境内には、その他、明治4(1871)年の観音堂屋根改修記念碑、昭和46年の小室観音堂記念碑、延命地蔵尊などがある。
創立は不明だが、元禄15(1702)年札所の5番となったという。
本尊は、高さ1mの木造で、体内には、三体の木造仏と、2枚の木札が納められているという。
この観音は、正兵衛という漁夫が、南国土佐の沖合いで、青白い光を放つ3mほどの霊木を拾った。
木の皮を火中に投げると、天上界の妙香をかぐようで、わが国では見たことのない銘木。
これを聞いた聖徳太子は、「それは昔、天竺の普陀落山、つまり、観音様のお浄土に植えておいた赤栴檀の木である。浅からぬ宿縁によって、私を慕って流れてきたものであろう。
その霊木を都まで持ってきてもらいたい」と、いわれた。
霊木は都に運ばれ、当時有名な仏像彫刻師鳥仏師が二体の観音像を作った。
太子は、一体を天皇のご内仏に献呈し、一体を自身の念持仏とした。
この念持仏こそが、後日、太子が武蔵野を横切った際に愛馬が霊験を現わした土地、伊奈町小室の里に移されたものだという。

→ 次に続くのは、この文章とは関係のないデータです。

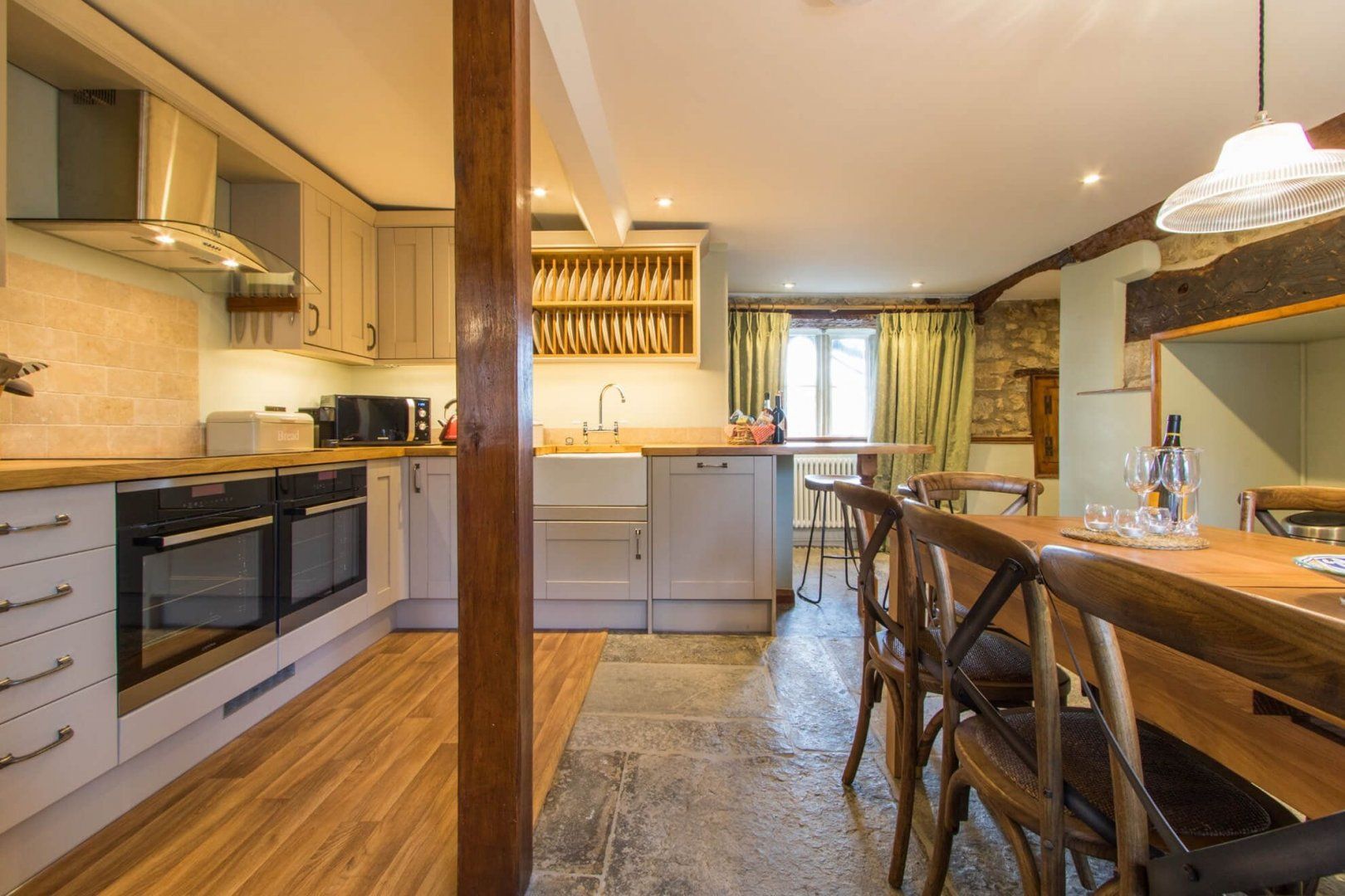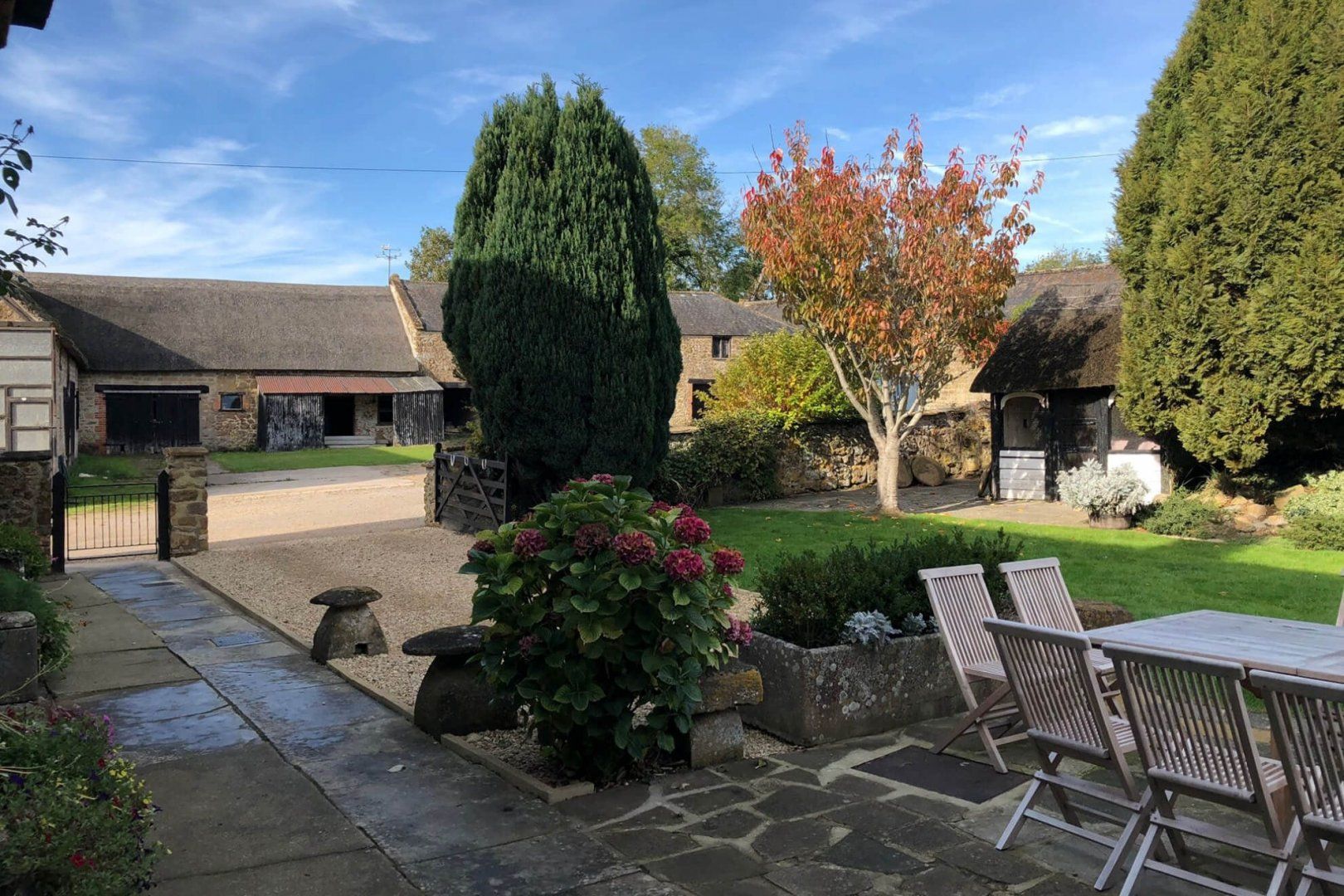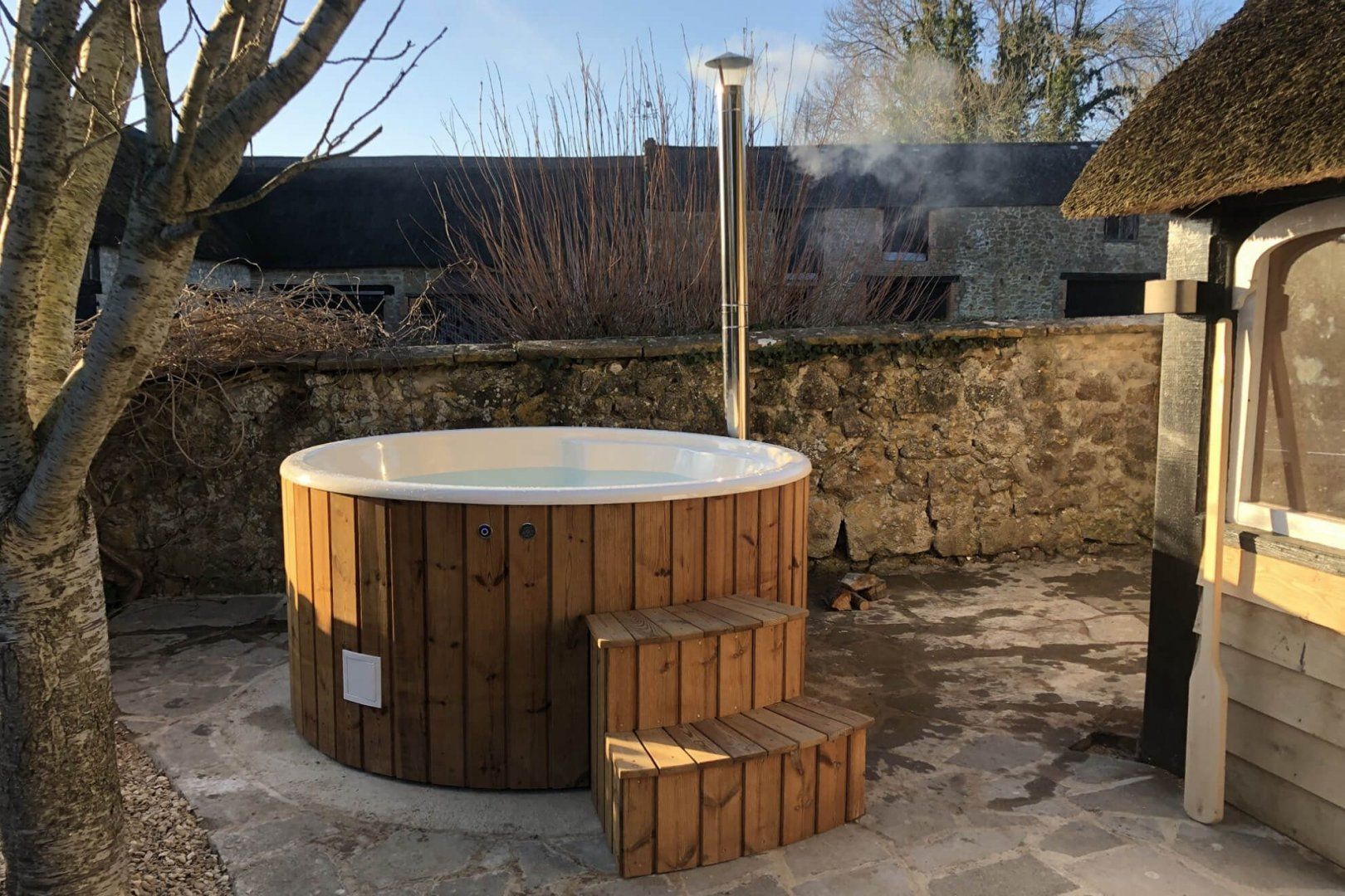 Stay in this seventeenth-century Grade II-listed farmhouse for a quintessential English country escape. This rural spot is a great choice for larger groups looking for a cosy bolthole – return from a day spent strolling through the myriad of local country lanes and footpaths, and be welcomed in by the crackling inglenook fireplace and cosy living room. There are all sorts of thoughtful touches that your hosts have added, including a welcome hamper with some essentials, cakes, and local produce. So settle in for the night, whether you're sipping alfresco wine on the patio in the warmer months or knocking up a hearty meal in the country-house styled kitchen-come-dining room. Although, with a few great pubs within walking distance, we reckon you'll be eating out most nights. Come morning, active types or those simply feeling adventurous can take a thirty-minute drive to the sublime Jurassic Coast for a memorable day trip. Elsewhere, Barrington House – a National Trust house with gardens open to the public – is a twenty-minute drive from home, and well worth a visit, even if just for the charming tea room. When – weary from walking and full of scones – you do eventually return home, toast up those frozen toes by the wood-burning stove or get into the steamy hot tub for a stargazing session. There are four bedrooms – each with its own en-suite – so everyone has a private and comfortable space to retire to. And if you're planning an escape for up to fourteen guests, the adjacent cottage, Treacle Sponge, is also available to book and is connected by a corridor.

しかし、大正15年に鑑定した結果では、足利時代前記(14世紀末〜15世紀前半)の作といわれている。
この境内の奥には、小貝戸貝塚がある。 約7000年前、人が住んでいた跡であり、土器、石斧などの出土品も多く、大正13(1924)年に県史跡に指定された。
寺伝によると、岩槻市慈恩寺の末寺で、開山は応仁以後(1467)〜慶長以前(1596)年、と推定される。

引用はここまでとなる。